→ **Assigned task**
Up to and including the line with "近日,由广东省教育厅主办的第", restate the records below word for word, beginning with their first line.

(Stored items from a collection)
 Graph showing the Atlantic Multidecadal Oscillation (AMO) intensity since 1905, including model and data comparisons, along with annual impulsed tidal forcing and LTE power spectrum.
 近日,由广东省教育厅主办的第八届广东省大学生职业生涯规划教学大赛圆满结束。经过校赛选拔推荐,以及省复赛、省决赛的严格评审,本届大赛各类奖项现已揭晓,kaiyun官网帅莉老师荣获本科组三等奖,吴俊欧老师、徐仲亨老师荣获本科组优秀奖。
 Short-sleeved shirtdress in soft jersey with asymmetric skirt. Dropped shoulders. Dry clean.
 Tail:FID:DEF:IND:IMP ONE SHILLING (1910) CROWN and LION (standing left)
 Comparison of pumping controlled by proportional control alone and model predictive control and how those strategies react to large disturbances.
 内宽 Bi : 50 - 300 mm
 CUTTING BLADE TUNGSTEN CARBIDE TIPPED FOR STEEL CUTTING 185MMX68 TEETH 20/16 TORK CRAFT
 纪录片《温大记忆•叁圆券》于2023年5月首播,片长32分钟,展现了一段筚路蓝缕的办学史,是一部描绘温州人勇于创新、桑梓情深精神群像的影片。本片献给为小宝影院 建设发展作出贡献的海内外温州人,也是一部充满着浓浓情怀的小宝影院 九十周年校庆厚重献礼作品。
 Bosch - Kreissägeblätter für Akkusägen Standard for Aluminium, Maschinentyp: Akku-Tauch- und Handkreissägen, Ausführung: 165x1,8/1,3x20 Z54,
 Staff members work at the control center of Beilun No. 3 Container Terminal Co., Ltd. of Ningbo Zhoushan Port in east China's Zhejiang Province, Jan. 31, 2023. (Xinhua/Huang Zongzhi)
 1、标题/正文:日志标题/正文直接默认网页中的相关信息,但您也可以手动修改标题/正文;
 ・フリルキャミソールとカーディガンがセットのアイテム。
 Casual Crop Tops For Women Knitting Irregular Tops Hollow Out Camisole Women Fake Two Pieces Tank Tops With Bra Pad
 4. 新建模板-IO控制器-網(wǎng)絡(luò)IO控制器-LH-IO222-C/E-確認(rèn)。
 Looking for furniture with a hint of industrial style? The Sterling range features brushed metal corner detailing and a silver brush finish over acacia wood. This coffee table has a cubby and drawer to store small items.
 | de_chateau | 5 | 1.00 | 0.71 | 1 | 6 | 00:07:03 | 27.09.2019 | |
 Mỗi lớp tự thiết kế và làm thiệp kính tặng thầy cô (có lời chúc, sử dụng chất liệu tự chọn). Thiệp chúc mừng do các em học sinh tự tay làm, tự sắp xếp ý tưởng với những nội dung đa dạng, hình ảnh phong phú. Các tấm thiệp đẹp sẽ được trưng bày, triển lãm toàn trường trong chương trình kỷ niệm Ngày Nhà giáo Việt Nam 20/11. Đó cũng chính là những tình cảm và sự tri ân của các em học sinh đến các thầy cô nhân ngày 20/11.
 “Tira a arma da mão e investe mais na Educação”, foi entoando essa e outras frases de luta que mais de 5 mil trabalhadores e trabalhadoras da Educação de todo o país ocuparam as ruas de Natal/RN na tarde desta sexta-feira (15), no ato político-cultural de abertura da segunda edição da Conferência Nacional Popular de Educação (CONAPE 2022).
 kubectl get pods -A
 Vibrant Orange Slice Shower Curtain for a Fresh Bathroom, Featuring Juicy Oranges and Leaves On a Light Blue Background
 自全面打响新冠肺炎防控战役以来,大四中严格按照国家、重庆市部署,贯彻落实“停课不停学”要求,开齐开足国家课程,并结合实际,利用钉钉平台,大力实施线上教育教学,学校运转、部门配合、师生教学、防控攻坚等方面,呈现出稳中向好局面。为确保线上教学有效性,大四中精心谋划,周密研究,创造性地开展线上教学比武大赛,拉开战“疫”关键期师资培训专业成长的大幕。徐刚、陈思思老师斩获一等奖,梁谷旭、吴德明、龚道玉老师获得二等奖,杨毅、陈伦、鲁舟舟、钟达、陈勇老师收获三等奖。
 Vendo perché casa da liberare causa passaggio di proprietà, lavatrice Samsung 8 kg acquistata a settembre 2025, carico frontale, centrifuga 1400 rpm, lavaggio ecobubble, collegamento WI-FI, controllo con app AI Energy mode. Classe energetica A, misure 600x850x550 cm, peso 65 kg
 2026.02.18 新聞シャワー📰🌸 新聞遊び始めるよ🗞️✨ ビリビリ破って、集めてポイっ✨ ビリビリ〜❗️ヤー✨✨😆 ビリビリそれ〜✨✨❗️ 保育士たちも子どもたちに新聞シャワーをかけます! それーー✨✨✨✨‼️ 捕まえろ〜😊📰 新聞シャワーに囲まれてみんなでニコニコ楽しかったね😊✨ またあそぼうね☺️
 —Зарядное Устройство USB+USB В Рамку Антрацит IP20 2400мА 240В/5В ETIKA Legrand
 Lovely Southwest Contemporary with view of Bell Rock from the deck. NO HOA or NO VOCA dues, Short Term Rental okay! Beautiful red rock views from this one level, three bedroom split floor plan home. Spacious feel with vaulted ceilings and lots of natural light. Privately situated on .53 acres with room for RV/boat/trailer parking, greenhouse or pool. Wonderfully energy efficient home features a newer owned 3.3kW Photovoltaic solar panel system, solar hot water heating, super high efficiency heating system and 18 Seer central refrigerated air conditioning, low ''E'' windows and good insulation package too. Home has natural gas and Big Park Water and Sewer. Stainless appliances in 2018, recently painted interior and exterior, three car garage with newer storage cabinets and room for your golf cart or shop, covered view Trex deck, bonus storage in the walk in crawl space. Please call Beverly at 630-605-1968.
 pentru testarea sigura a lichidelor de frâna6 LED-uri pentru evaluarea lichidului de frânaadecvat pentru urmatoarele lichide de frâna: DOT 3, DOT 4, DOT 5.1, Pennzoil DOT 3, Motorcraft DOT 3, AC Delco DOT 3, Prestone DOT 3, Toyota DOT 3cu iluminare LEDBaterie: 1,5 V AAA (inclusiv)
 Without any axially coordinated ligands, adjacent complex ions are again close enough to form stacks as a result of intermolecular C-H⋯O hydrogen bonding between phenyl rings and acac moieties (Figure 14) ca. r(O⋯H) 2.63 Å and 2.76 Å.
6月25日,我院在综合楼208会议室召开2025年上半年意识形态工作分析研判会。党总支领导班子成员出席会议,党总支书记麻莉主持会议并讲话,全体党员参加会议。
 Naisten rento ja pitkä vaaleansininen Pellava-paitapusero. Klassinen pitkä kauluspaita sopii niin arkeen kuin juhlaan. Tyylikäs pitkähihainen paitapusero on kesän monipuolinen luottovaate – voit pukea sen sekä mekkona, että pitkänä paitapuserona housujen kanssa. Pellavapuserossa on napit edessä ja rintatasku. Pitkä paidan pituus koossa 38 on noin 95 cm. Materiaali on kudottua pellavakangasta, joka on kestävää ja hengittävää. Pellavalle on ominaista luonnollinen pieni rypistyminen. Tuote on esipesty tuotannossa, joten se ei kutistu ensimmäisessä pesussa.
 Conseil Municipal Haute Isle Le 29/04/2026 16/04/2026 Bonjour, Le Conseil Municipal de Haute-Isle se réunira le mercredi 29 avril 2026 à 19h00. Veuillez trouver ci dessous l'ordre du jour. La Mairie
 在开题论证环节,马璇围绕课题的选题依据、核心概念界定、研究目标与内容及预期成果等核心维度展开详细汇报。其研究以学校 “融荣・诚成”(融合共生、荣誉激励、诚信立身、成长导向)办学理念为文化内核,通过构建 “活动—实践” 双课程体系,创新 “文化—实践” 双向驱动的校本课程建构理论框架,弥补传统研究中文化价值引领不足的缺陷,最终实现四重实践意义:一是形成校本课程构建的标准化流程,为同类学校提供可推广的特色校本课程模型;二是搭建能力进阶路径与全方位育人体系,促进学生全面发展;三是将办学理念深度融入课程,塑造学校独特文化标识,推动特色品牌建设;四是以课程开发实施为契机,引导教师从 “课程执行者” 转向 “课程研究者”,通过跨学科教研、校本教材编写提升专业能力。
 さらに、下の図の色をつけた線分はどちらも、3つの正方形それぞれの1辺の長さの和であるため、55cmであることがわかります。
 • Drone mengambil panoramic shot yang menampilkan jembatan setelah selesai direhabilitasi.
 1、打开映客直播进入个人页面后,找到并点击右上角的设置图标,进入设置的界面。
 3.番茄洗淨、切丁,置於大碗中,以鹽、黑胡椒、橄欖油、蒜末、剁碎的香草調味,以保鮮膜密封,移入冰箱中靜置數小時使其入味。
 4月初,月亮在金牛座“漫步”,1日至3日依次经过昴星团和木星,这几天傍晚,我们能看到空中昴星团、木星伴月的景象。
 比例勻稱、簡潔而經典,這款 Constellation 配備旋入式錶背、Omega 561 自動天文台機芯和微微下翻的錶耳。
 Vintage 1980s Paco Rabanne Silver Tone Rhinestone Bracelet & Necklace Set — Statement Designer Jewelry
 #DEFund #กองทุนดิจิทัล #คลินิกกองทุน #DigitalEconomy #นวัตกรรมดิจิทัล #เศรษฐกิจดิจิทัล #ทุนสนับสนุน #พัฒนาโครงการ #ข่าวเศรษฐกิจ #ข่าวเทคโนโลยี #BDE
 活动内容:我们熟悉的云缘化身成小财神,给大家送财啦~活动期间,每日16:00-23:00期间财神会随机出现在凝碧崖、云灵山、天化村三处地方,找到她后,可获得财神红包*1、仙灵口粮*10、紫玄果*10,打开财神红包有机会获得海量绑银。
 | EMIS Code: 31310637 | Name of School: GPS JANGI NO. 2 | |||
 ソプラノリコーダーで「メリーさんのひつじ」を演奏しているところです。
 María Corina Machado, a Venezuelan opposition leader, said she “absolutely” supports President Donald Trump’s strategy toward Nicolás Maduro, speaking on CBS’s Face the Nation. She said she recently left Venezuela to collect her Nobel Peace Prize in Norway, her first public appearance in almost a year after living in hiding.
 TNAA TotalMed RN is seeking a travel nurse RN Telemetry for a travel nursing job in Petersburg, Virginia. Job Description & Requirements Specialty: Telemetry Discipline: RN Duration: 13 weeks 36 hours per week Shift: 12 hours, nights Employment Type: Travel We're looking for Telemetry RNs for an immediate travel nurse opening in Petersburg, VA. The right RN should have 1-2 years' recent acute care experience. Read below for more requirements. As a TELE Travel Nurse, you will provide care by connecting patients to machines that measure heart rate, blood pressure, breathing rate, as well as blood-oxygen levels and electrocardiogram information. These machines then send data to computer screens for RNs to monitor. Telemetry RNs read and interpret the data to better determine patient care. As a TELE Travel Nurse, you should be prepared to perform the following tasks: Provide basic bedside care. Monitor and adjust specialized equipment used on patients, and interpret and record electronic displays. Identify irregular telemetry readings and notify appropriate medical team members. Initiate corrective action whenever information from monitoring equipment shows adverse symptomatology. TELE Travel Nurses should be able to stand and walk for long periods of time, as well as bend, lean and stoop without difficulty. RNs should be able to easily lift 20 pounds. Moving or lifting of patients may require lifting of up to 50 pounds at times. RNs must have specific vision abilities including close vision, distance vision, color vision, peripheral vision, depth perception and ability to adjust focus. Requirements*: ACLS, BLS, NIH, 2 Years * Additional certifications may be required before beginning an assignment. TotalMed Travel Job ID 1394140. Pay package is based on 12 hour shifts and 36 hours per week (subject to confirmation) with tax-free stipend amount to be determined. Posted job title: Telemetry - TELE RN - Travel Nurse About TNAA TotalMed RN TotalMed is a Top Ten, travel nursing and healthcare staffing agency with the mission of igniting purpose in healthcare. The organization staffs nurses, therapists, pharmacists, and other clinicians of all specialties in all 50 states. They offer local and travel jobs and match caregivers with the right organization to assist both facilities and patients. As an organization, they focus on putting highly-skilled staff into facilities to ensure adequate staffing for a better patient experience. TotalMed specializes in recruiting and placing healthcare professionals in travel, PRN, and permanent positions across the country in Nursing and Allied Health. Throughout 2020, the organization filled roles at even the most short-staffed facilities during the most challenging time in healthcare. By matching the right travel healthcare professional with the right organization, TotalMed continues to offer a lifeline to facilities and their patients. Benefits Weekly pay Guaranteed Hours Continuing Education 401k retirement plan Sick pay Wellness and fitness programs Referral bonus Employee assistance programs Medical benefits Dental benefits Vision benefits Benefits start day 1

→ **Task response**
 Graph showing the Atlantic Multidecadal Oscillation (AMO) intensity since 1905, including model and data comparisons, along with annual impulsed tidal forcing and LTE power spectrum.
 近日,由广东省教育厅主办的第八届广东省大学生职业生涯规划教学大赛圆满结束。经过校赛选拔推荐,以及省复赛、省决赛的严格评审,本届大赛各类奖项现已揭晓,kaiyun官网帅莉老师荣获本科组三等奖,吴俊欧老师、徐仲亨老师荣获本科组优秀奖。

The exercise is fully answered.